Establishment of a Central KYC System and Central Accounts Registry
The BOM is authorised to establish (i) a Central KYC System for facilitating the electronic verification of the identity of customers, validation and extraction of KYC records of customers by KYC institutions, and collecting KYC records submitted to KYC institutions by their customers, and (ii) a Central Accounts Registry for collecting information on accounts maintained by customers, other than the balance and amount held in these accounts (Registry).
The BOM is empowered to require any KYC institution (including financial institutions licensed by the Commission) to furnish to the Registry, on such terms and conditions as it may determine, such information as it may require for the purpose of maintaining the Registry.

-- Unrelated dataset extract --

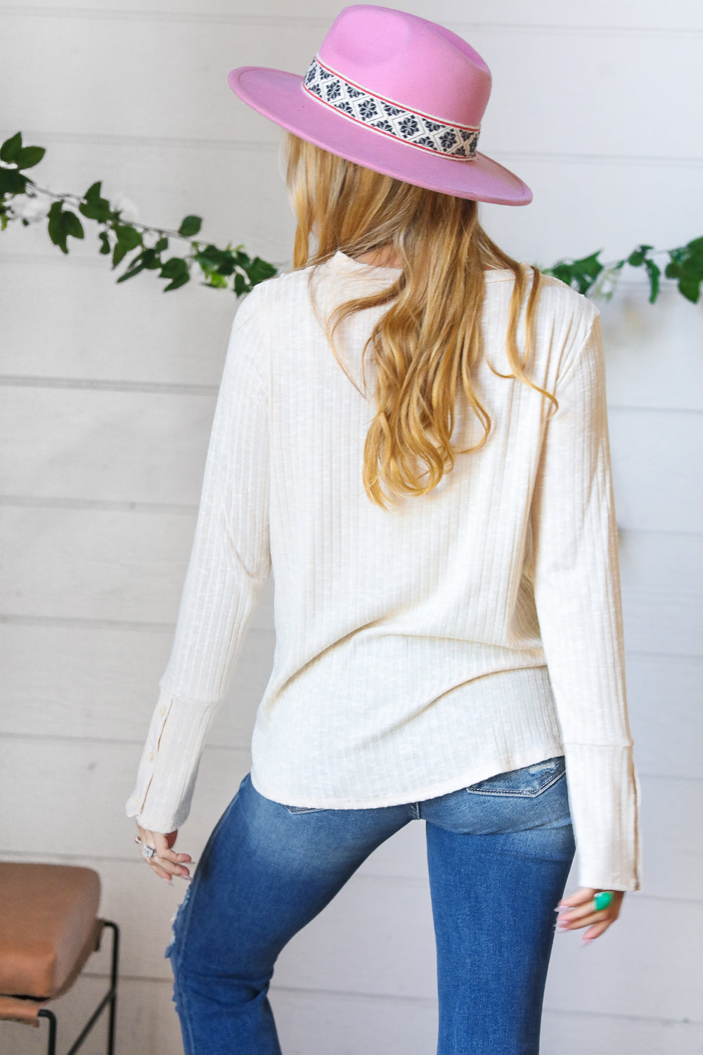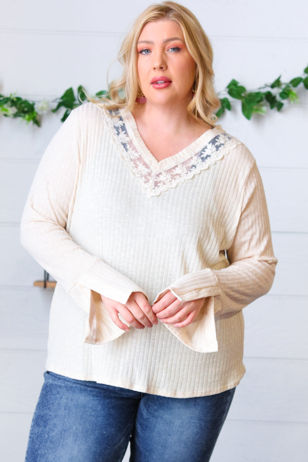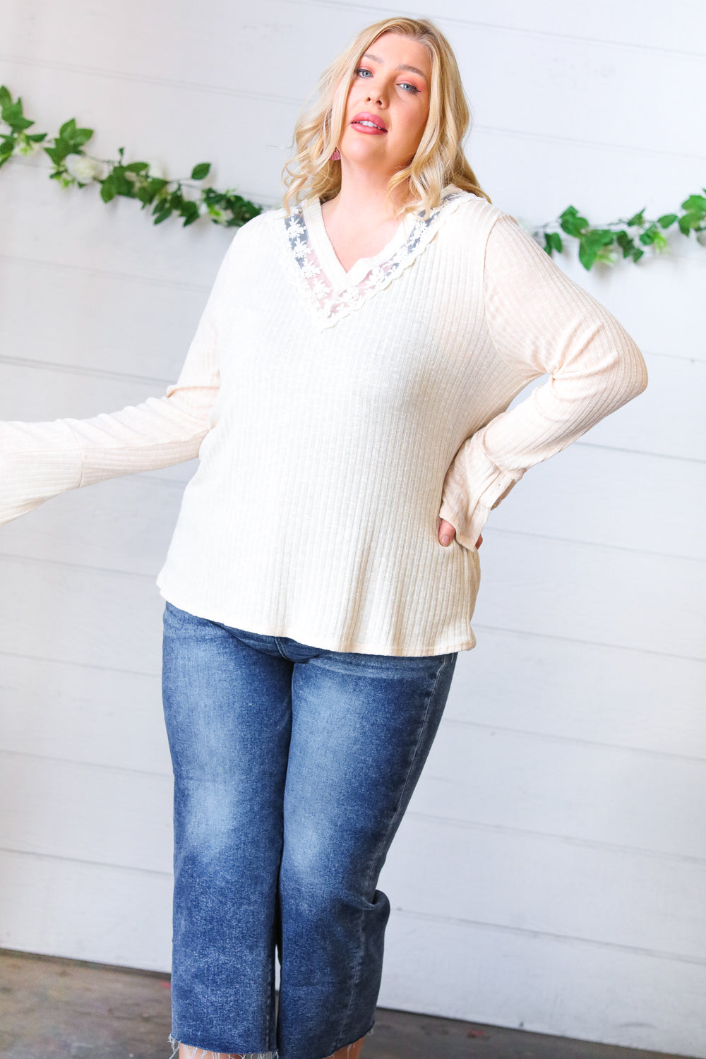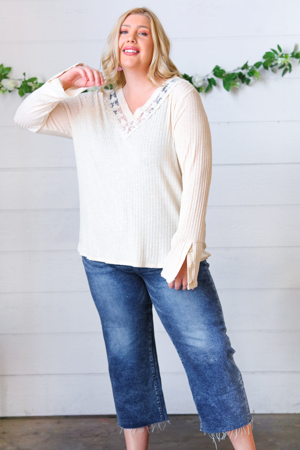 Rib Knit + Crochet Lace V Neck + Button Capped Sleeves

The fund finance year ahead
As 2022 is coming to a close, we believe that real-time uncertainty about current economic conditions and policy actions will likely keep market volatility high, and investors will remain focused on whether central banks can tame inflation without triggering a global recession. The fund finance market was extremely resilient during and following the global financial crisis (outperforming many other forms of finance) and has benefitted from strong growth since; thus, we remain cautiously optimistic for a robust fund finance market in 2023 – and we further expect the number of facilities consummated to continue to grow at a solid clip as fundraising improves and the product further penetrates the private equity market, and a greater number of existing facilities get refinanced. Our Mauritius Fund Finance Team has worked with the vast majority of market participants over the last 18 months, and while the present uncertainty about current economic conditions and policy actions will likely keep market volatility high, and investors will remain focused on whether central banks can tame inflation without triggering a global recession, we nevertheless remain cautiously optimistic for a robust fund finance market in 2023.